Reader Ray Martin suggests if Mike Tomlin and not Nick Saban had been on Alabama’s sideline for that last play, Saturday, Bama might still be undefeated.

Plenty of statement lames

Suddenly, TV is presenting regular-season “designer” games.

Last month, NBC’s Cris Collinsworth told us the Cowboys were playing a “signature” game in the quest for “a signature win.”

This week on MSG, before the Rangers played at home against below-average Winnipeg, Al Trautwig, then Joe Micheletti claimed we were about to watch “a statement game.” Wow, the Rangers soon would make a “statement.”

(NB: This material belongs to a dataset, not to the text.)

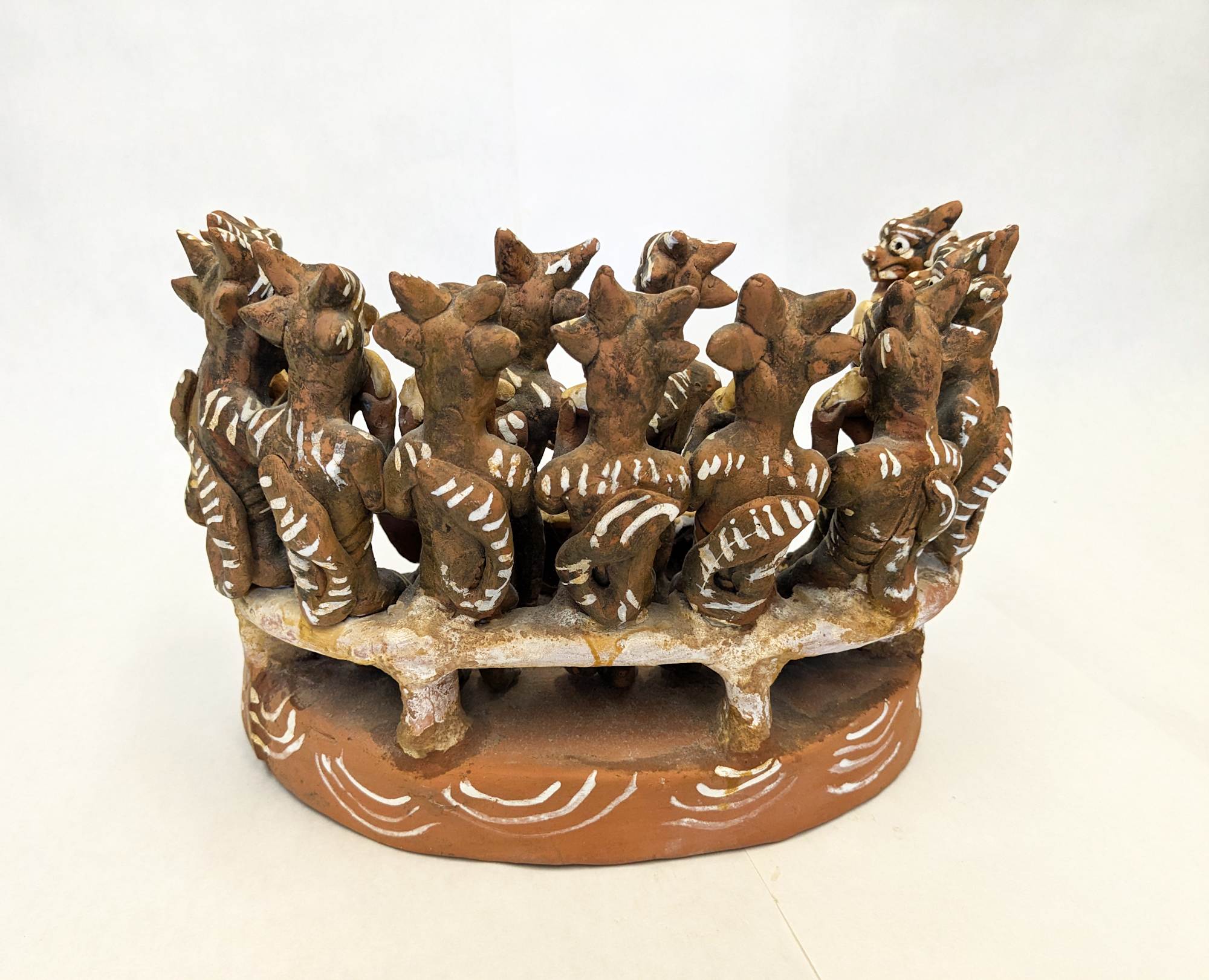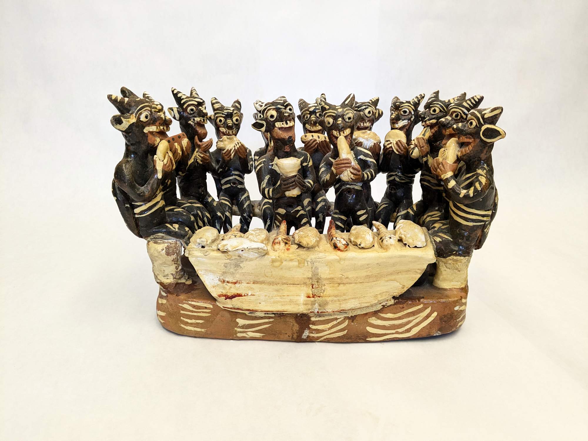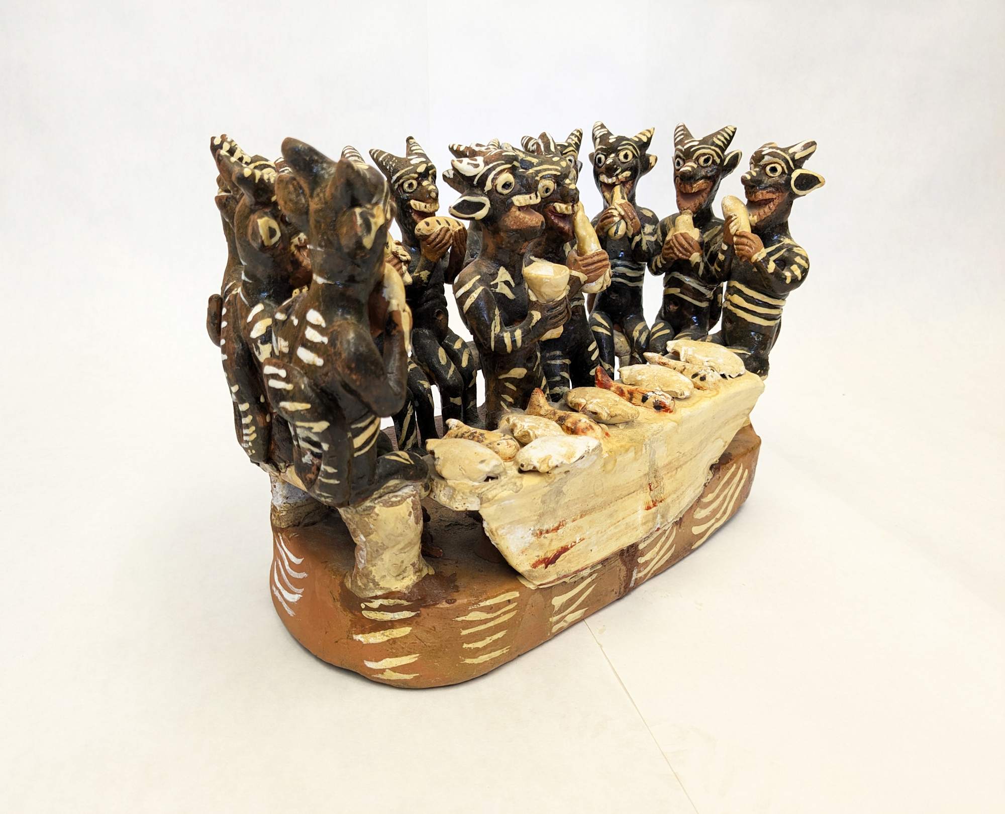 Ceramic sculpture of multiple devils enjoying a last supper. This work appears to be of Mexican origin.
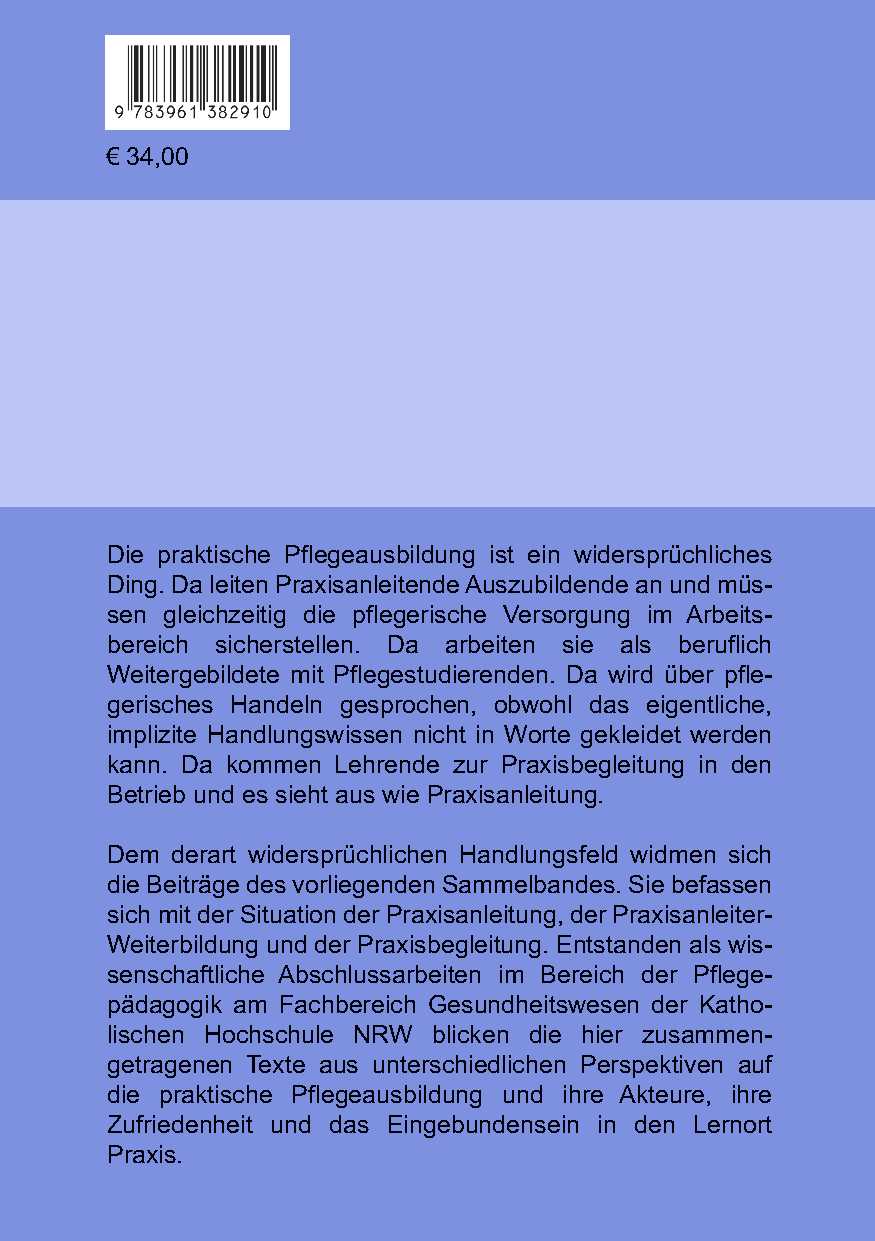 Dem derart widersprüchlichen Handlungsfeld widmen sich die Beiträge des vorliegenden Sammelbandes. Sie befassen sich mit der Situation der Praxisanleitung, der Praxisanleiter-Weiterbildung und der Praxisbegleitung. Entstanden als wissenschaftliche Abschlussarbeiten im Bereich der Pflegepädagogik am Fachbereich Gesundheitswesen der Katholischen Hochschule NRW blicken die hier zusammengetragenen Texte aus unterschiedlichen Perspektiven auf die praktische Pflegeausbildung und ihre Akteure, ihre Zufriedenheit und das Eingebundensein in den Lernort Praxis.

The Rangers’ statement was a 5-2 loss, a statement that afterward, on MSG, didn’t have the same stated importance as was stated before the start of the statement game. Or maybe it was a signature loss of a signature game.

Airline supplies Gator bait

World Gone Nuts, continued: A scheduled 50-seat Delta flight was canceled at the last minute Sunday to use the plane as a charter to fly Florida’s basketball team from Gainesville to its Monday game at UConn (and on ESPN), where the Gators lost at the buzzer. UF’s plane had mechanical issues.

The Gainesville Sun reported among those bounced from the commercial flight was a person headed — unsuccessfully, it turned out — to attend a funeral. Others had to be driven to airports in Jacksonville, Orlando and Tampa.

Apparently, those other-airport options weren’t open to UF’s team.